■ **TASK TO COMPLETE**: Should pictures appear among the records, leave them out, and copy exactly only the lines from the first through the one with "张娟书记为大翔医药集团有限公", inclusive.

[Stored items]
********************
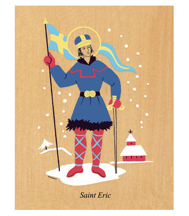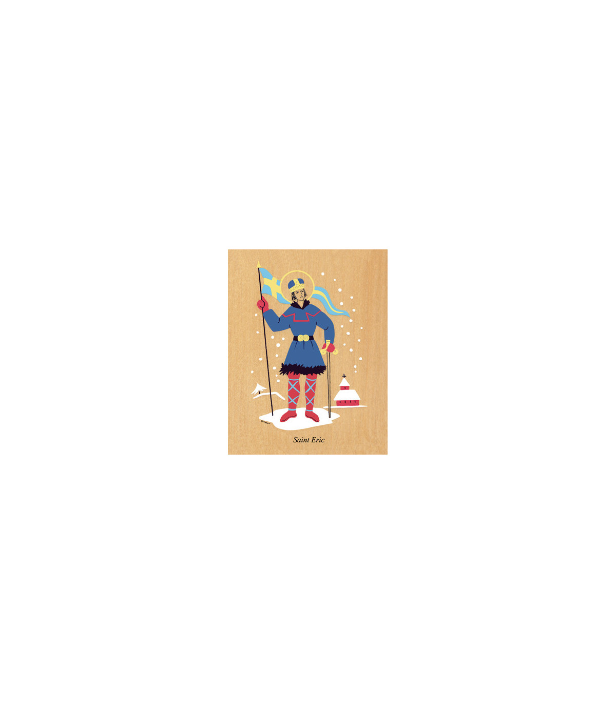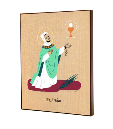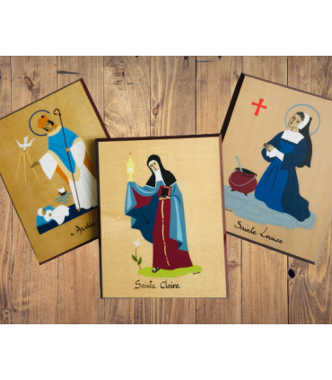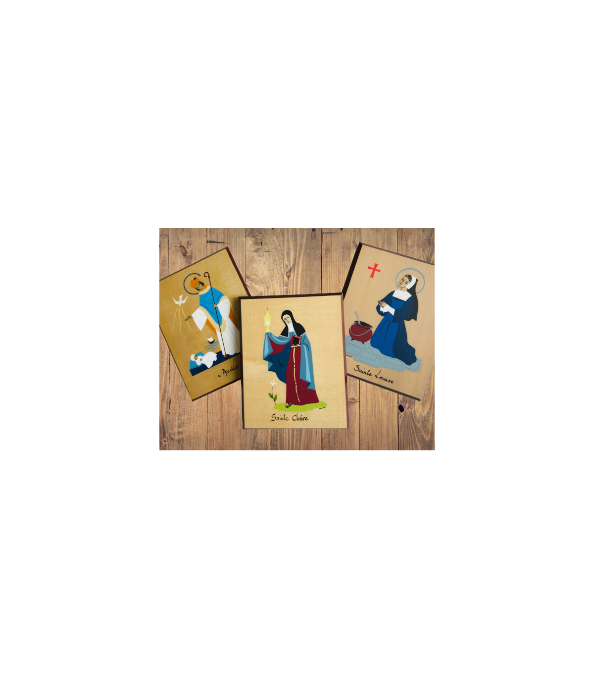 Saint Patron en laminage sur bois mélaminé. Le dessin créé par les Bénédictines respecte les détails hagiographiques de la vie du Saint.
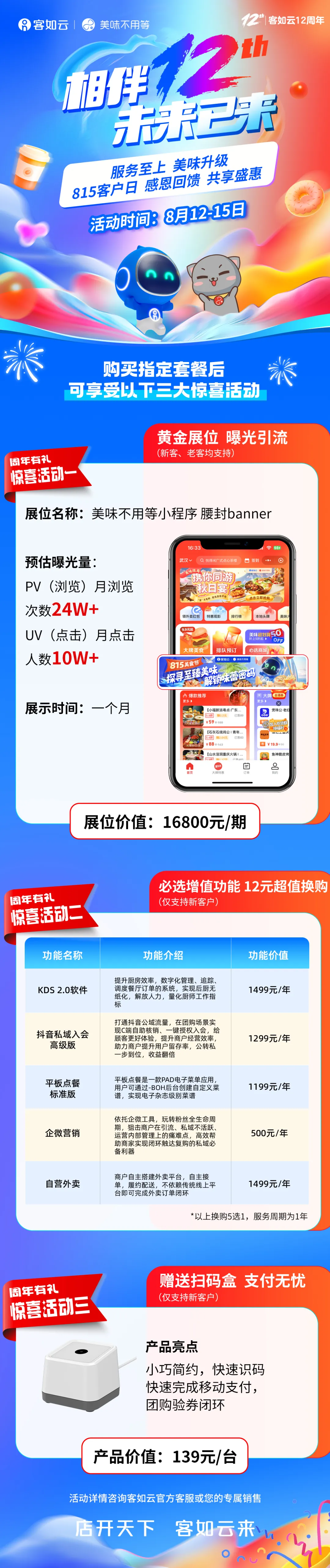 服務至上,美味升級。值此十二周年之際,客如云特別推出了“815客戶日”優(yōu)惠活動,回饋新老客戶多年來的關注與信任,共同見證并慶祝這一里程碑時刻,助力帶動更多餐飲商家踏上數(shù)智化新征程。
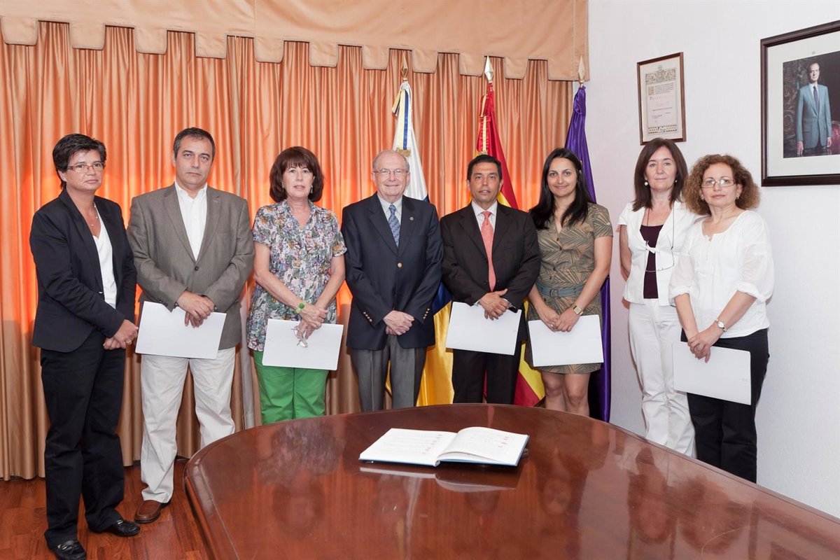 El profesor Ángel Chinea Martín ha tomado posesión este martes como director de la Escuela Universitaria de Ciencias Empresariales en un acto celebrado en la sala de juntas del Rectorado de la Universidad de La Laguna. Le acompañarán en el cargo Carmen Reyero como subdirectora de Movilidad y Relaciones Corporativas; Andrés Lorente como subdirector de Organización Docente; Raquel Martín, subdirectora de Alumnado y Prácticas Externas; Andrea Martín, secretaria del centro, y, finalmente, Pilar Pérez como coordinadora de Calidad e Innovación Educativa.
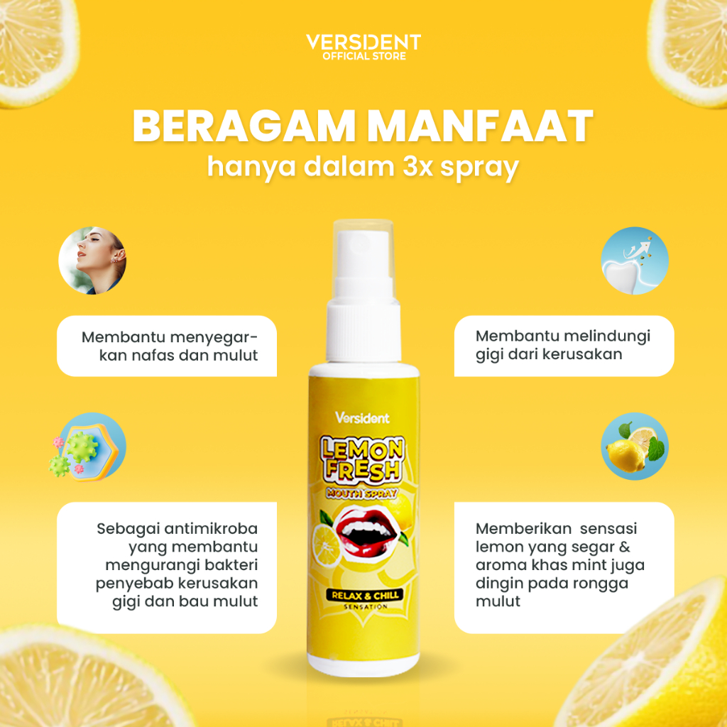 Versident Lemon Fresh Mouth Spray - Penghrum, Pewangi & Penyegar Nafas Mulut Rasa Lemon Halal BPOM
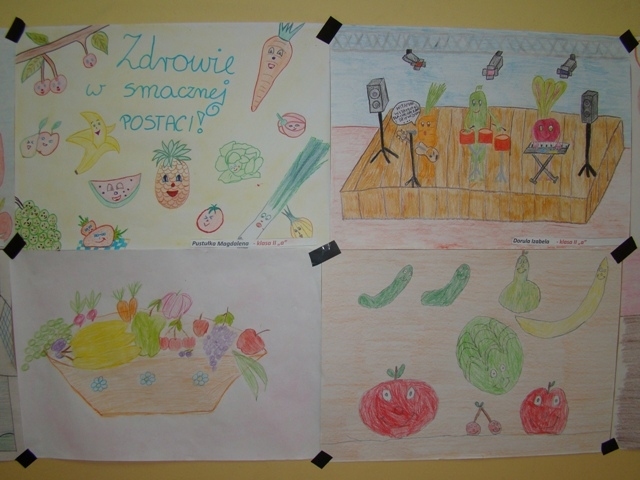 Na początku marca w klasach I-III ogłoszony został konkurs plastyczny pod hasłem „Warzywa i owoce mają głos”. Uczniowie wykonali ciekawe i kolorowe plakaty z hasłami i wierszykami zachęcającymi do częstego spożywania owoców i warzyw. Jury konkursowe miało wiele trudności z wybraniem najciekawszych prac, ponieważ wiele plakatów było bardzo pomysłowych i oryginalnych. Jednak po naradzie ustalono:
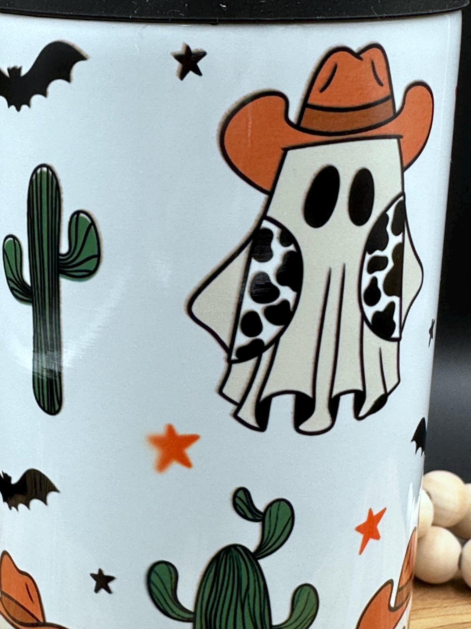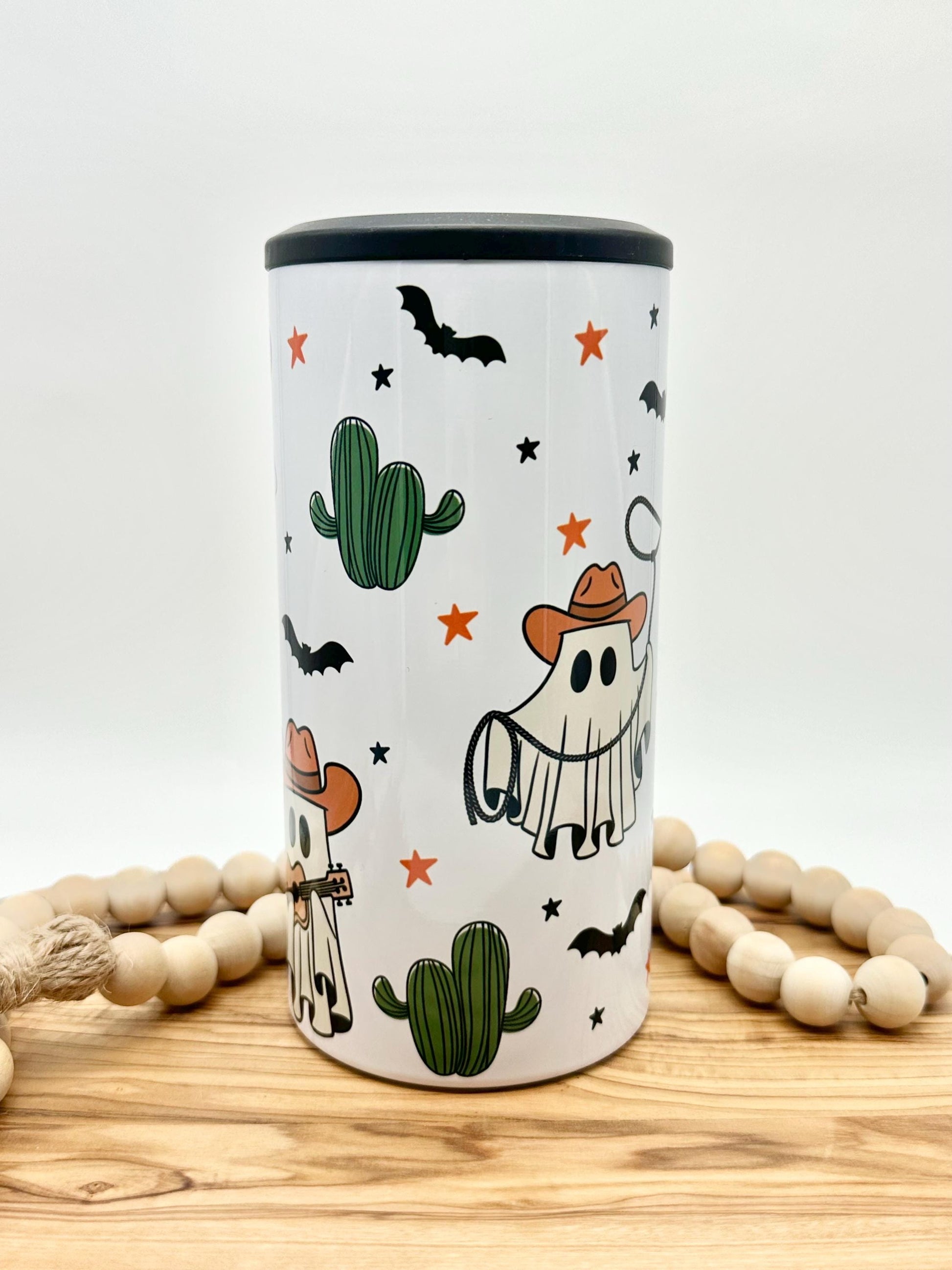 Keep your drinks cold this summer with this cute, cowboy ghost 4-in-1 insulated can cooler. This stainless steel double wall, vacuum insulated can cooler can accommodate:
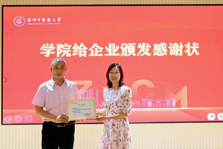 张娟书记为大翔医药集团有限公司陈东平董事长颁发感谢状,在陈东平董事长的带领下,大翔医药集团有限公司一直积极关注中医药教育事业的发展,暖心捐赠,帮助了众多学生渡过难关。
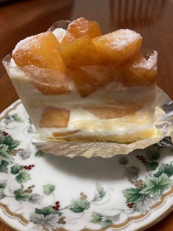 クッキー等だけでなく、店内正面には、タルトや、ムース、生ケーキも。 (但し、時期や日によってあるものが異なるのでこちらも事前にご確認を) 以前食べた甘夏のタルトは甘夏がジューシーでタルトはさくさく。 今回購入した白桃の生ケーキは奥の冷蔵庫にあり、店頭には並んでいないので、実はお会計後に既に購入していたタルトと交換してもらいました。
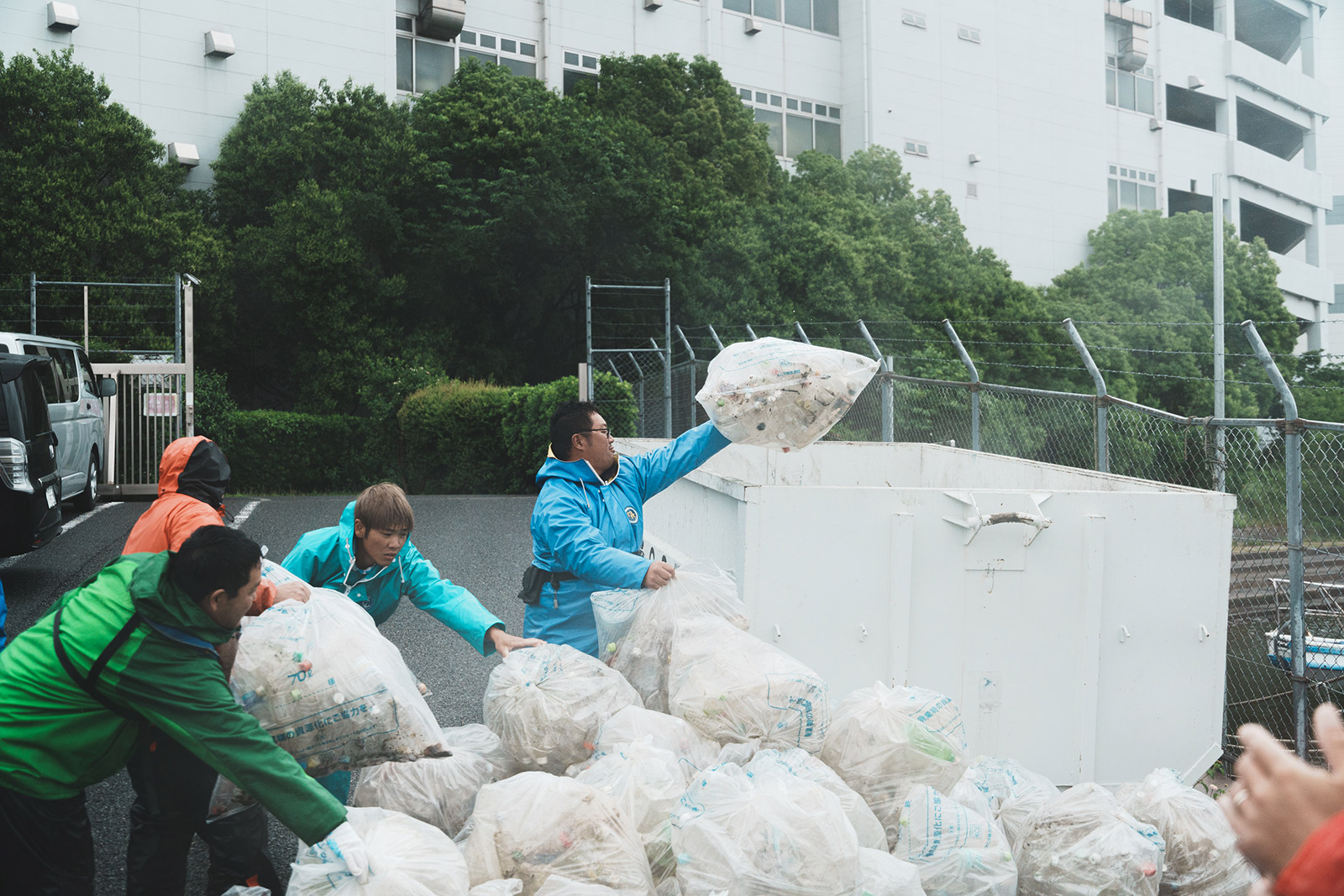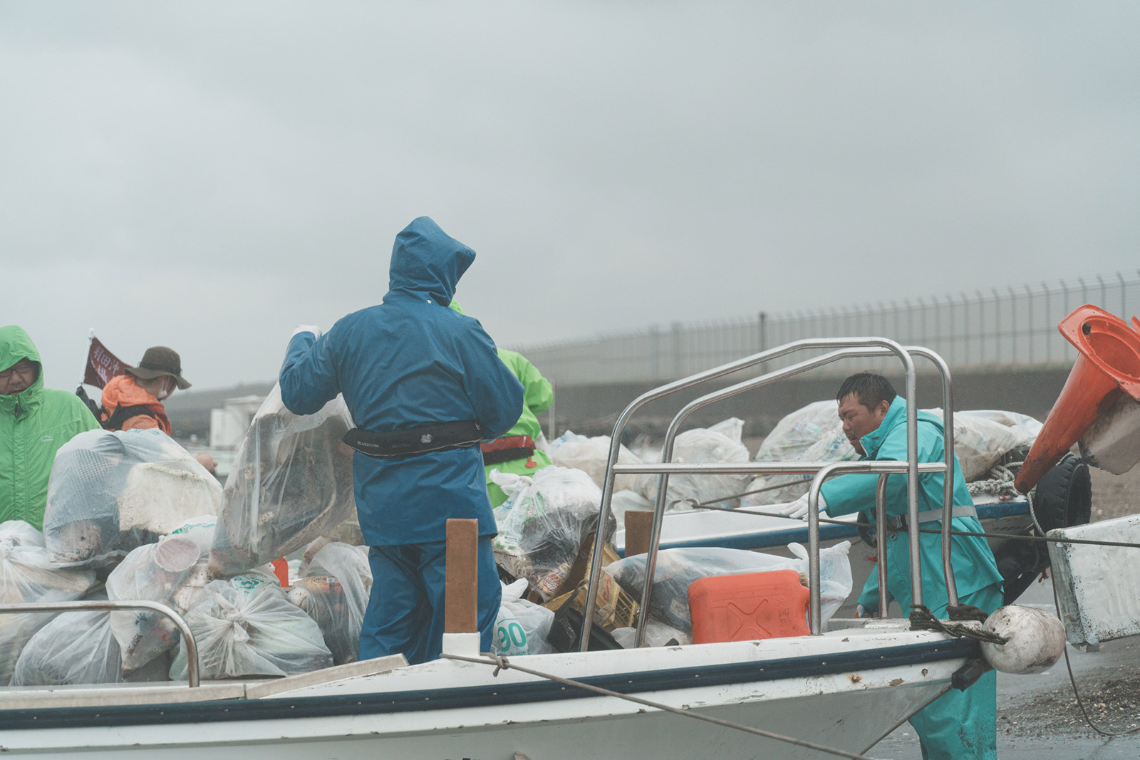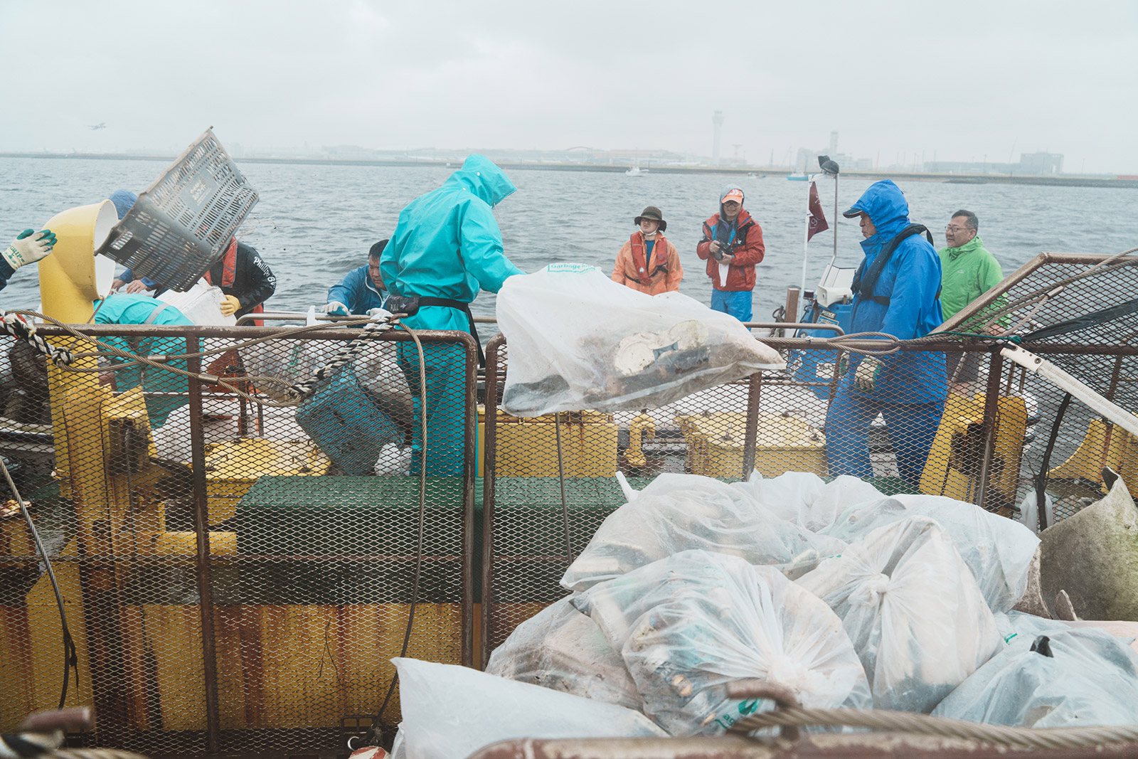 当日は、あいにく本降りの雨となりましたが、午前8時に大田区平和島「まる八」桟橋を出船し、午前8時半に羽田沖浅場に上陸。組合員・スタッフ総勢40名で清掃活動を行いました。昨年に比べると車のタイヤなどの大きなゴミが多くありました。雨脚が強くなったため、午前10時半には帰港となりましたが、90ℓゴミ袋で85袋を回収し、東京都の清掃船に運び入れて清掃活動は終了しました。
********************
■ **OUTPUT OF THE EXERCISE**:
 Saint Patron en laminage sur bois mélaminé. Le dessin créé par les Bénédictines respecte les détails hagiographiques de la vie du Saint.
 服務至上,美味升級。值此十二周年之際,客如云特別推出了“815客戶日”優(yōu)惠活動,回饋新老客戶多年來的關注與信任,共同見證并慶祝這一里程碑時刻,助力帶動更多餐飲商家踏上數(shù)智化新征程。
 El profesor Ángel Chinea Martín ha tomado posesión este martes como director de la Escuela Universitaria de Ciencias Empresariales en un acto celebrado en la sala de juntas del Rectorado de la Universidad de La Laguna. Le acompañarán en el cargo Carmen Reyero como subdirectora de Movilidad y Relaciones Corporativas; Andrés Lorente como subdirector de Organización Docente; Raquel Martín, subdirectora de Alumnado y Prácticas Externas; Andrea Martín, secretaria del centro, y, finalmente, Pilar Pérez como coordinadora de Calidad e Innovación Educativa.
 Versident Lemon Fresh Mouth Spray - Penghrum, Pewangi & Penyegar Nafas Mulut Rasa Lemon Halal BPOM
 Na początku marca w klasach I-III ogłoszony został konkurs plastyczny pod hasłem „Warzywa i owoce mają głos”. Uczniowie wykonali ciekawe i kolorowe plakaty z hasłami i wierszykami zachęcającymi do częstego spożywania owoców i warzyw. Jury konkursowe miało wiele trudności z wybraniem najciekawszych prac, ponieważ wiele plakatów było bardzo pomysłowych i oryginalnych. Jednak po naradzie ustalono:
 Keep your drinks cold this summer with this cute, cowboy ghost 4-in-1 insulated can cooler. This stainless steel double wall, vacuum insulated can cooler can accommodate:
 张娟书记为大翔医药集团有限公司陈东平董事长颁发感谢状,在陈东平董事长的带领下,大翔医药集团有限公司一直积极关注中医药教育事业的发展,暖心捐赠,帮助了众多学生渡过难关。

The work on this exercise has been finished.